#### SUPPLIED INFORMATION

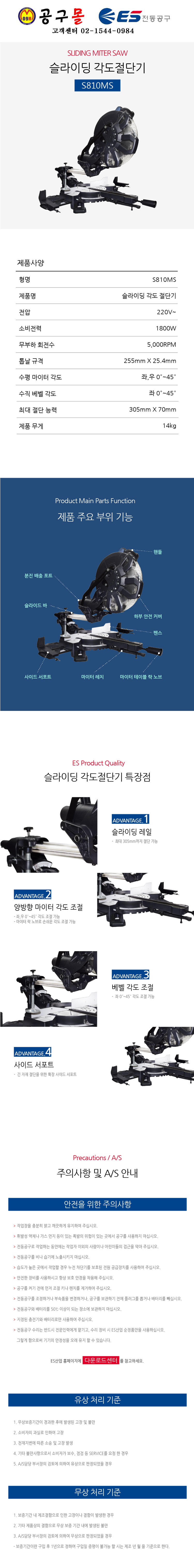 ES산업 슬라이딩 각도절단기 S810MS (250mm) ES산업 , 목재절단기, 정밀절단기, 공구몰
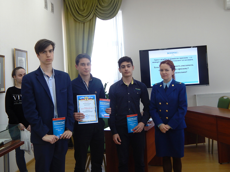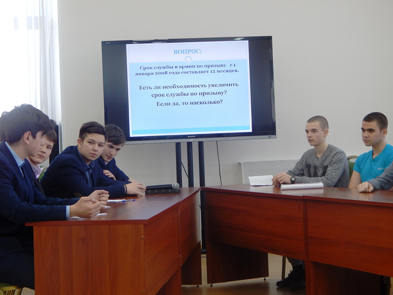 Проводила командную игру старший помощник прокурора области по правовому обеспечению Мария Сергеевна Нетыкс. Соревнование проходило в формате дебатов поочередно между двумя командами. Ребята обосновывали свою позицию по разным вопросам: необходимо ли увеличить призывной возраст, правомерно ли предоставление отсрочки от призыва гражданину, являющемуся доктором или кандидатом наук, есть ли необходимость введения дополнительных отсрочек от призыва на военную службу.
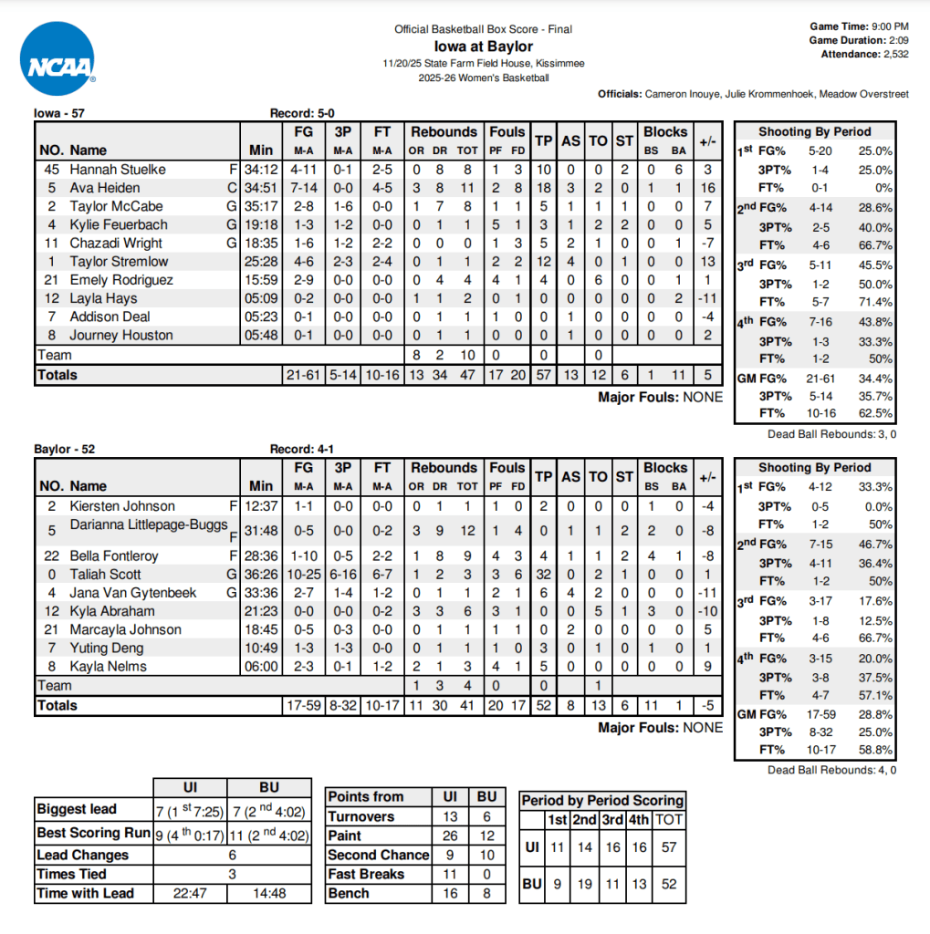 ORLANDO, FLORIDA – No. 19 Iowa (5-0) defeated No. 7 Baylor (4-1) on Thursday night in the State Farm Field House in Orlando at the Women’s Basketball Coaches Association Showcase, 57-52.
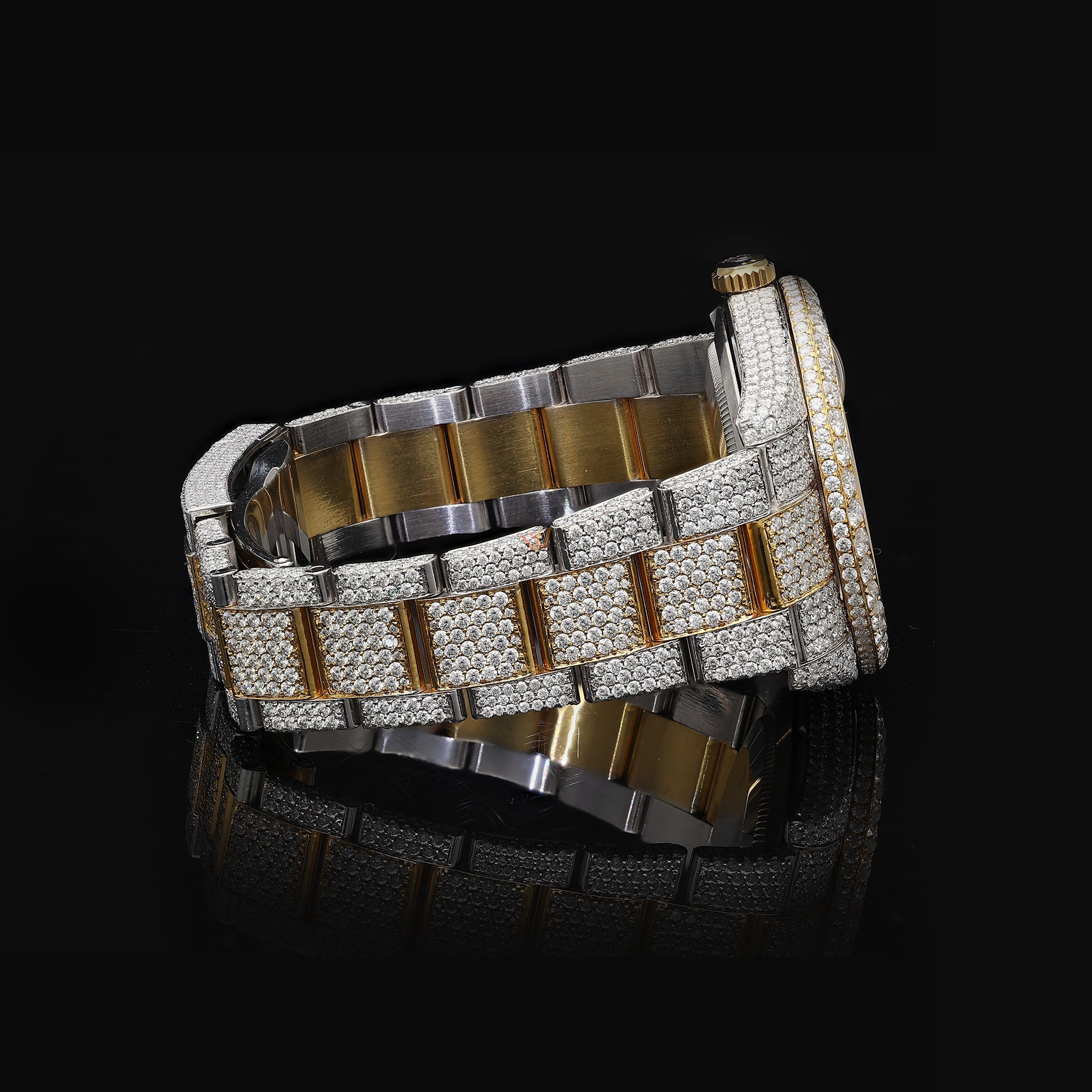 We use Rhinestone or Zircon for our iced out watches, and all our diamond watches feature high-quality movement with a super clone standard. If you prefer real moissanite, the watch will cost $3000-4000 and will pass testing with cert.

########

## WHAT THE TASK REQUIRES
Return the data exactly as it stands, minus the pictures.

## YOUR RESPONSE
 ES산업 슬라이딩 각도절단기 S810MS (250mm) ES산업 , 목재절단기, 정밀절단기, 공구몰
 Проводила командную игру старший помощник прокурора области по правовому обеспечению Мария Сергеевна Нетыкс. Соревнование проходило в формате дебатов поочередно между двумя командами. Ребята обосновывали свою позицию по разным вопросам: необходимо ли увеличить призывной возраст, правомерно ли предоставление отсрочки от призыва гражданину, являющемуся доктором или кандидатом наук, есть ли необходимость введения дополнительных отсрочек от призыва на военную службу.
 ORLANDO, FLORIDA – No. 19 Iowa (5-0) defeated No. 7 Baylor (4-1) on Thursday night in the State Farm Field House in Orlando at the Women’s Basketball Coaches Association Showcase, 57-52.
 We use Rhinestone or Zircon for our iced out watches, and all our diamond watches feature high-quality movement with a super clone standard. If you prefer real moissanite, the watch will cost $3000-4000 and will pass testing with cert.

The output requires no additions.